È Telegram l’ennesimo gigante tech a cadere sotto le pressioni delle autorità nazionali. L’app di messaggistica nota per la sua proclamata difesa della privacy degli utenti, benché nei fatti sia più debole di altre piattaforme, ha annunciato una svolta nella sua politica di gestione dei dati. Pavel Durov, il ideatore e ad della piattaforma, ha dichiarato dal suo account ufficiale di Telegram che l’azienda fornirà alle autorità giudiziarie gli indirizzi IP e i numeri di telefono degli utenti sospettati di attività criminali.
Lo scorso 24 agosto, Durov era stato arrestato all’aeroporto di Le Bourget, nei pressi di Parigi, con accuse che vanno dalla aiuto nella diffusione di materiale pedopornografico al traffico di stupefacenti. La procuratrice Laure Beccuau ha formalizzato le accuse, includendo anche il rifiuto di collaborare con le autorità per le intercettazioni e il riciclaggio di denaro. L’arresto dell’imprenditore russo ha innescato una serie di reazioni a catena. Rilasciato su cauzione di 5 milioni di euro, si è trovato costretto a rimanere in Francia, con l’obbligo di presentarsi in commissariato due volte a settimana.

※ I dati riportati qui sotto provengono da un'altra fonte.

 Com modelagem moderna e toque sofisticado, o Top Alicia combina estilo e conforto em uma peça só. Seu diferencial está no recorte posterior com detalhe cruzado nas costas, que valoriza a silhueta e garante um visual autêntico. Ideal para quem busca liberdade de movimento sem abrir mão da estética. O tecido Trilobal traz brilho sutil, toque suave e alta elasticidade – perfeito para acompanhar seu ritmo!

Questa situazione ha evidentemente portato a una riconsiderazione delle politiche aziendali di Telegram. La piattaforma, che conta quasi un miliardo di utenti in tutto il mondo, è stata a lungo criticata per il suo atteggiamento lassista nei confronti della moderazione dei contenuti. Secondo un rapporto del New York Times, Telegram ospita migliaia di canali legati al terrorismo, al materiale pedopornografico e all’estremismo. La capacità dell’app di creare gruppi fino a 200.000 membri (contro i 1.000 di WhatsApp) ha contribuito a renderla un terreno fertile per attività illecite.
Le novità sull’app
Durov ha dichiarato che Telegram sta implementando un sistema di moderazione basato sull’intelligenza artificiale per identificare e rimuovere i contenuti problematici dai risultati di analisi. Inoltre, l’azienda si impegna a pubblicare rapporti sulla trasparenza più frequenti, passando da semestrali a trimestrali.

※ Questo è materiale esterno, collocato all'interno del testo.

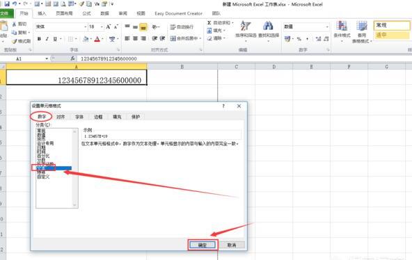 第三:在弹出的设置弹窗中,点击数字——文本,点击确定即可。

Questa svolta solleva inevitabilmente questioni sulla sicurezza dei dissidenti politici e degli attivisti che hanno trovato in Telegram un rifugio sicuro. John Scott-Railton, ricercatore senior presso il Citizen Lab dell’Università di Toronto, ha espresso alla Bbc la sua preoccupazione in merito: “Molti stanno esaminando l’annuncio di Telegram con una domanda fondamentale in mente: significa che la piattaforma inizierà a collaborare con le autorità dei regimi repressivi?” La questione è particolarmente delicata considerando che Telegram è ampiamente utilizzato in Paesi come Russia, Bielorussia e in diverse nazioni del Medio Oriente, dove la libertà di espressione è spesso limitata. La piattaforma è stata a lungo vista come un baluardo contro la censura, resistendo persino a un tentativo di blocco da parte del Cremlino nel 2018.